Da parte do parceiro de coligação chega a resposta crítica: «O ataque ao Irão e as reações nos mercados fósseis mundiais mostram que temos de nos libertar o mais depressa possível dos combustíveis fósseis, através da aposta nas renováveis», afirmou a porta-voz para a política energética do SPD, Nina Scheer, em resposta a uma pergunta da Euronews.

Também os Verdes se posicionam claramente contra o fracking: «Quem aposta no fracking para reduzir a nossa dependência do gás também veste fato de banho quando o barco tem uma avaria», afirmou o porta-voz para a política energética dos Verdes, Michael Kellner, à Euronews. Em vez disso, o consumo de gás tem de baixar, «isolando paredes, facilitando a mudança para bombas de calor e permitindo à indústria investir em produção limpa».

A eletricidade produzida em novas centrais a gás nacionais pode sair mais cara do que o previsto, como sugere um novo estudo do Fórum para uma Economia Social de Mercado Ecológica (FÖS), encomendado pelo fornecedor de eletricidade verde Green Planet Energy: os investigadores apontam para um preço entre 23 e 28 cêntimos/kWh. Neste valor, os cientistas incluíram também os custos de construção, exploração e posterior desmantelamento das centrais a gás. A eletricidade de novos parques eólicos e solares custa menos de 10 cêntimos/kWh, conclui o estudo.

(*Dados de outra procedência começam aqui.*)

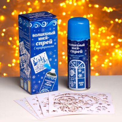 Искусственный снег спрей «С Новым годом!», с трафаретами, голубой. Новогодний спрей-иней поможет создать зимнюю сказку в вашем доме. С его помощью у вас получится создать эффект настоящего инея. Спрей придаст интерьеру праздничную свежесть и ощущение снежного утра. <b> Особенности</b> <ul> <li> Объем спрея — 250 мл.</li> <li> В комплекте есть 4 трафарета для нанесения спрея.</li> <li> Спрей создаст реалистичный снежный эффект на любых поверхностях.</li> <li> Искусственный снег подходит для использования в закрытых помещениях, потому что он не содержит вредных веществ.</li> </ul> Используйте искусственный снег для декорирования окон, елок и праздничных композиций. Добавьте праздничную атмосферу в свой дом! <b> Как удалить спрей</b> После праздников спрей легко смыть водой с мылом или мягким моющим средством.

Alemanha proíbe fracking desde 2017

Em 2025, a Alemanha importou 106 terawatts-hora de gás natural através de terminais de GNL, cerca de 10,3 por cento do total das importações de gás alemãs. A grande maioria, 96 por cento, veio dos Estados Unidos, extraído, na maioria dos casos, por fracking.

Numa altura em que as relações transatlânticas se tornam cada vez mais tensas, alguns especialistas veem nisto um risco para a segurança do abastecimento. Para extrair gás na Alemanha, seria, porém, necessário aliviar primeiro a proibição atualmente em vigor.

Protestos contra um terminal de GNL, Rügen, Alemanha, 20 de abril de 2023
Protestos contra um terminal de GNL, Rügen, Alemanha, 20 de abril de 2023 (c) Copyright 2023, dpa (www.dpa.de). Alle Rechte vorbehalten

Em 2017, o então governo de coligação conservadores-social-democratas, liderado pela chanceler Angela Merkel (CDU), proibiu em grande medida a extração não convencional de gás natural, conhecida como fracking. No fracking, o gás de xisto é forçado a sair de rochas compactas com uma mistura de água e elevada pressão.

Em comparação, a extração convencional de gás natural continua autorizada, sob regras rigorosas. Neste caso, é explorado gás que se encontra em rochas porosas e que, por isso, consegue subir mais facilmente.

Em muitos países europeus, o fracking também está proibido ou fortemente limitado. Em França e na Áustria, por exemplo, a técnica não pode ser utilizada para extrair gás natural. Já na Polónia e na Roménia o fracking é permitido, ainda que sujeito a condições rigorosas.

Na população alemã, a opinião sobre o fracking está dividida. Um inquérito representativo da empresa de estudos de opinião Appinio para a revista Wirtschaftswoche, realizado em 2023, mostra que:

48 por cento dos alemães consideram o fracking necessário para fazer face à crise energética. Para 38 por cento, a tecnologia é dispensável. Os restantes 14 por cento estão indecisos.